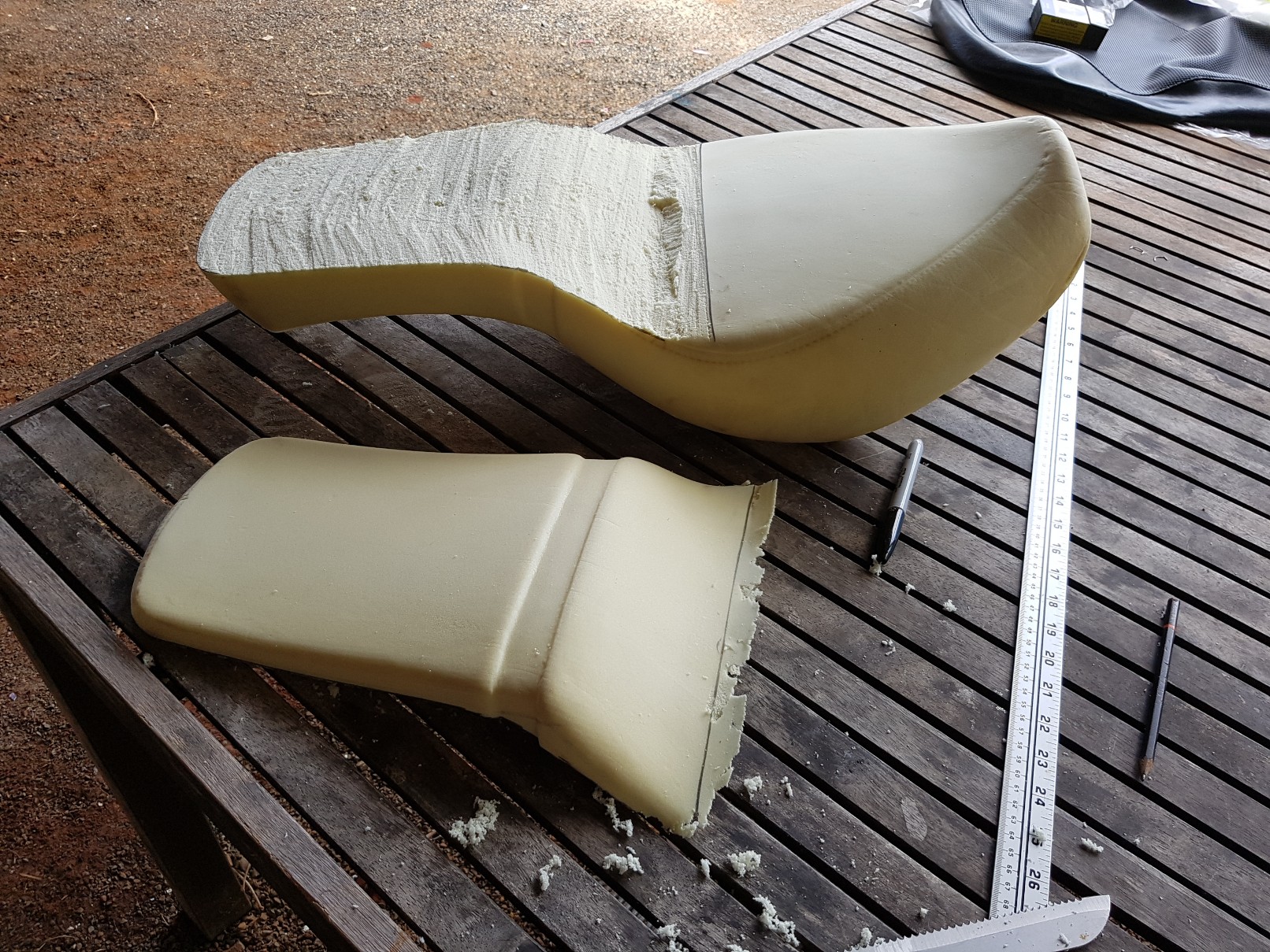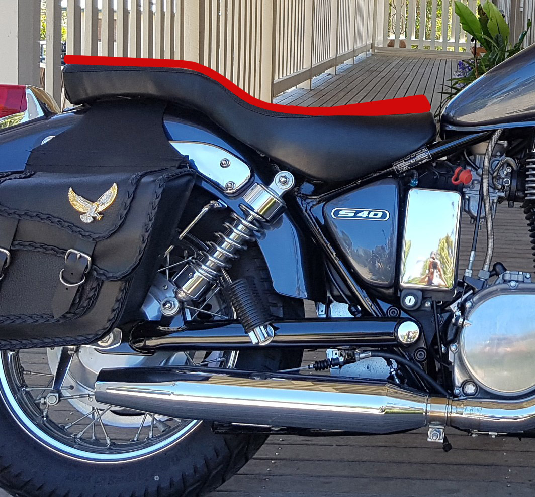So, I reckon I need to cut the pillion seat down by about an inch, raise the drivers seat foam as high as is practical, and smooth out the curve between them. That should do it. Very similar to a couple of mods that have been posted in this thread - so I know it can be done  Smiley
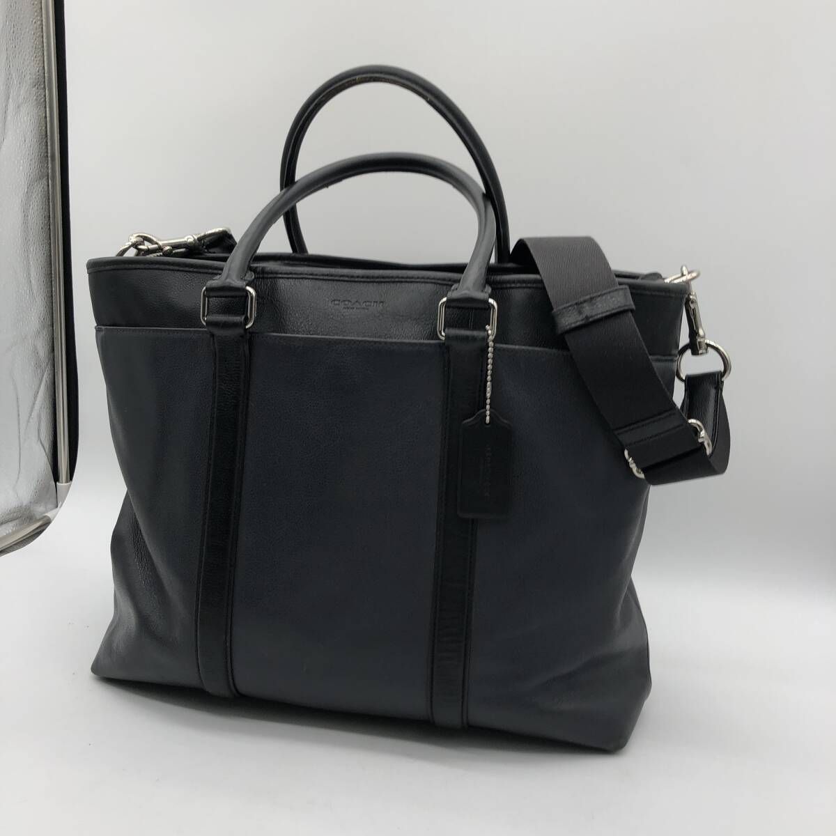 【極美品】COACH コーチ レザー 書類カバン ビジネスバッグ トートバッグ 2WAY ショルダーバッグ レザー ダークネイビー ブラック メンズ
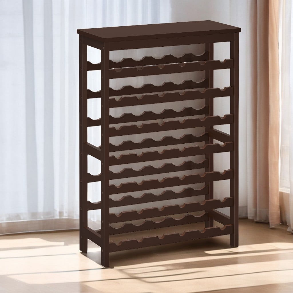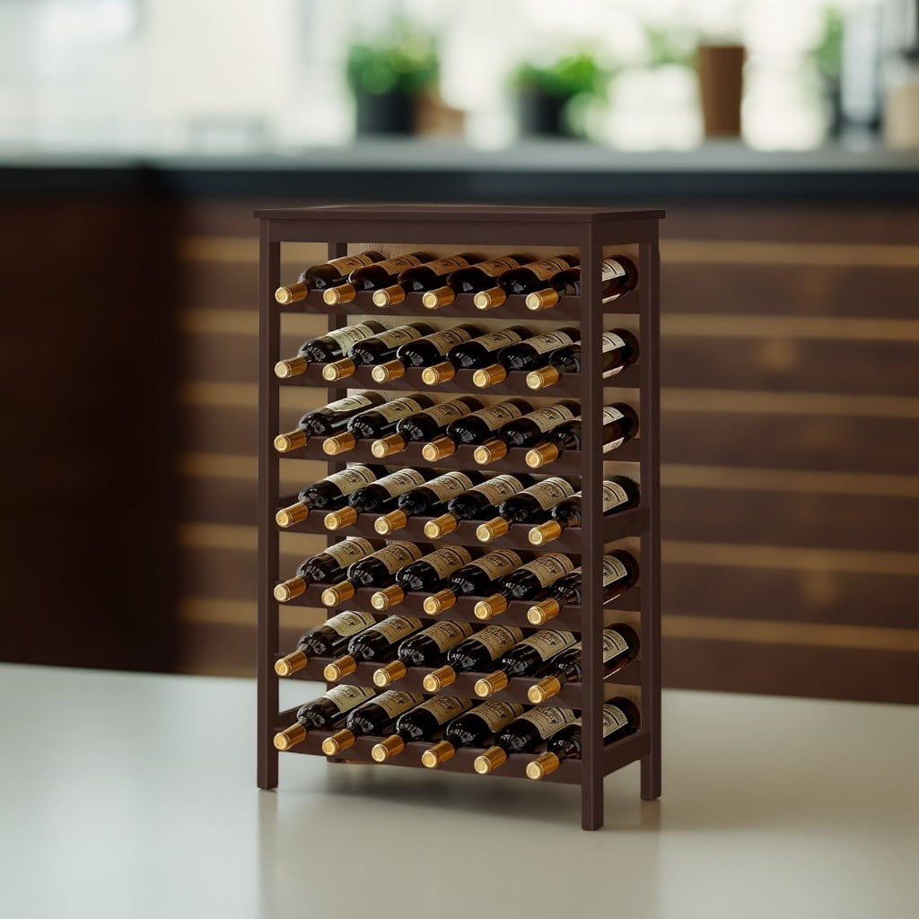 Features: CAPACITY TAKES TOP SPOT: Enjoy an at-home wine tasting trip with your dearest friends with this spacious 42-bottle wine rack; it’ll safely hold your ever-expanding collection—there’s even room to leave some to age, too! KEEP YOUR WINE FRESH: Specially designed wave bars keep bottles stable and keep the corks fully moisturized so your wine stays fresh; each bottle is accessible and well-protected GAINS FROM BAMBOO: Renewable, eco-friendly, vibrant aesthetics, anything else? Durable, definitely! Well-sanded and smoothed out by espresso lacquer, this wine holder with inherent quality and detail-oriented crafts is ready to serve you for years—the same way as your wine TAKE IT EASY: With a simple structure and numbered parts provided, assembly has never been this fast and easy—simply tighten the screws with the straightforward instructions and you’ll have this wine rack set up in no time Specifications: Color: Espresso Product Size: 26″L x 11.4″W x 39.2″H (66 x 29 x 99.5 cm) Package Contents: 1 x Wine Rack 1 x Accessory Kit 1 x Anti-Tip Strap 1 x Instructions
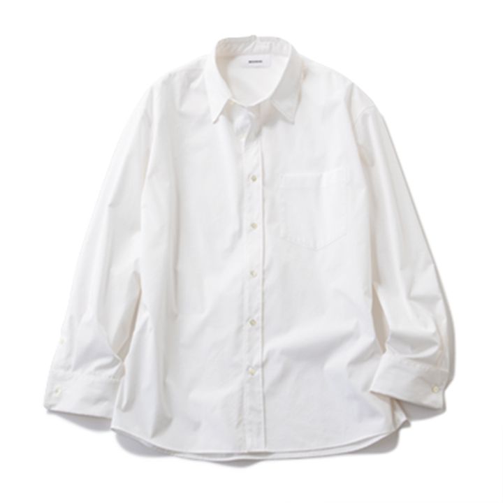 着るシーンを選ばない白シャツは、レイヤードした時の“さし白”で、コーディネートをこなれさせる役割も。¥18,700(MIESROHE)
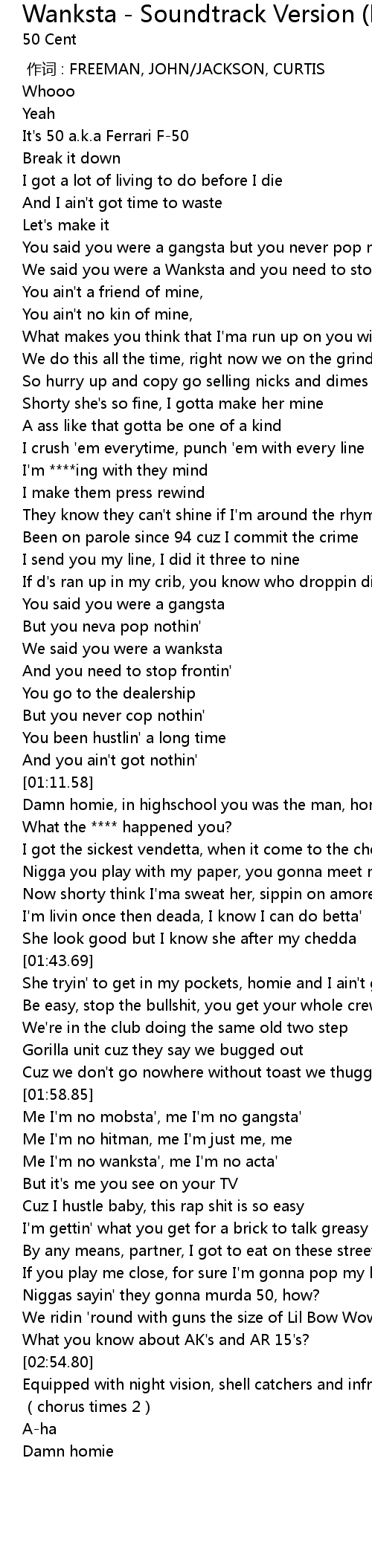 | [00:21.28] | We said you were a Wanksta and you need to stop frontin' |

+ + + + +

- _Exercise goal_
Please repeat, with no pictures, each line from the start of the records above through the line with "ダークネイビー ブラック メンズ", inclusive, and only those.

- _Exercise result_
So, I reckon I need to cut the pillion seat down by about an inch, raise the drivers seat foam as high as is practical, and smooth out the curve between them. That should do it. Very similar to a couple of mods that have been posted in this thread - so I know it can be done  Smiley
 【極美品】COACH コーチ レザー 書類カバン ビジネスバッグ トートバッグ 2WAY ショルダーバッグ レザー ダークネイビー ブラック メンズ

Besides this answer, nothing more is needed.